───── Collected material ─────
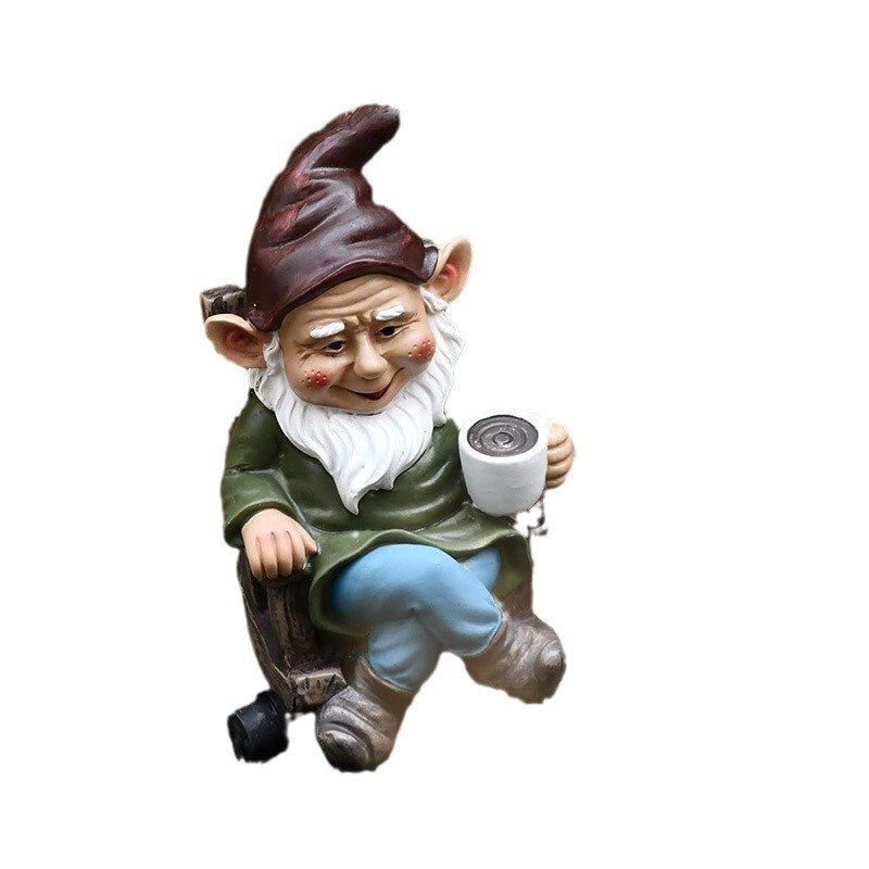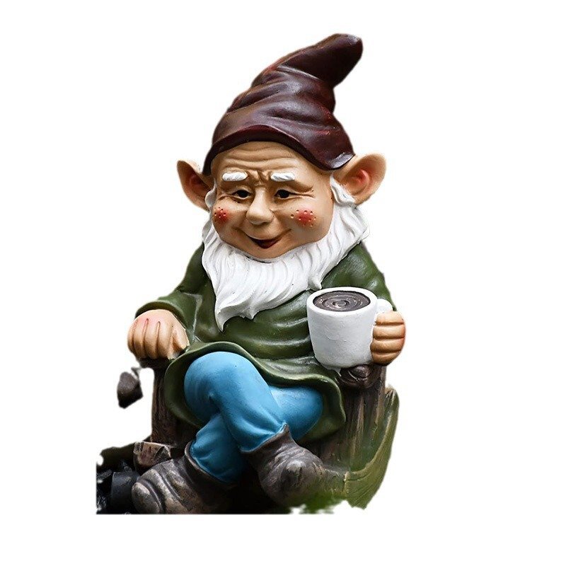 くつろぐ エルフ コーヒー カフェ オーナメント 雑貨 置物 木の飾り 樹脂 園芸 ガーデン オブジェ ファンタジー 小人 n908
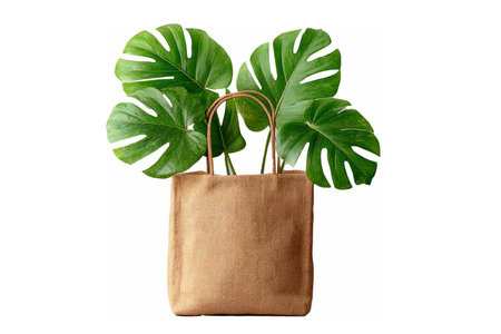 Fresh green monstera plant with large split leaves placed inside a natural woven jute bag, combining indoor greenery with eco-friendly decor.
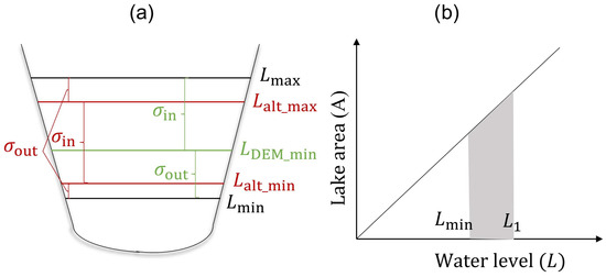 Assuming the lake shape is regular as in Figure 2a, the lake area (A) and lake water level (L) are linearly correlated and the hypsometric curve is shown in Equation (1) with a first-order polynomial [12,17,18]. Gauge records provide real water level range ( to ), while only part of the water level was observed by remote-sensing data. DEM provides elevation above lake surface elevation (, and satellite altimetric data provide periodic observations ranging from to . When satellite water level is , variable lake volume () above can be estimated by integrating lake area against from to [11,13,17] (Figure 2b and Equation (2)).
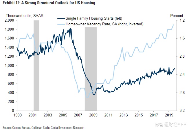 高盛认为,美国经济正在改善,原因有三。首先,在经历了2018年和2019年初的放缓之后,抵押贷款利率的大幅下降为房地产市场复苏注入了活力。房地产的结构性前景仍然强劲,因为建筑活动水平仍然远远低于人口需求,而且按季节调整后的房屋空置率现已降至38年来的最低水平。
─────
» **Task details**: Return the listing verbatim; pictures are not part of the copy.

» **Expected output**:
 くつろぐ エルフ コーヒー カフェ オーナメント 雑貨 置物 木の飾り 樹脂 園芸 ガーデン オブジェ ファンタジー 小人 n908
 Fresh green monstera plant with large split leaves placed inside a natural woven jute bag, combining indoor greenery with eco-friendly decor.
 Assuming the lake shape is regular as in Figure 2a, the lake area (A) and lake water level (L) are linearly correlated and the hypsometric curve is shown in Equation (1) with a first-order polynomial [12,17,18]. Gauge records provide real water level range ( to ), while only part of the water level was observed by remote-sensing data. DEM provides elevation above lake surface elevation (, and satellite altimetric data provide periodic observations ranging from to . When satellite water level is , variable lake volume () above can be estimated by integrating lake area against from to [11,13,17] (Figure 2b and Equation (2)).
 高盛认为,美国经济正在改善,原因有三。首先,在经历了2018年和2019年初的放缓之后,抵押贷款利率的大幅下降为房地产市场复苏注入了活力。房地产的结构性前景仍然强劲,因为建筑活动水平仍然远远低于人口需求,而且按季节调整后的房屋空置率现已降至38年来的最低水平。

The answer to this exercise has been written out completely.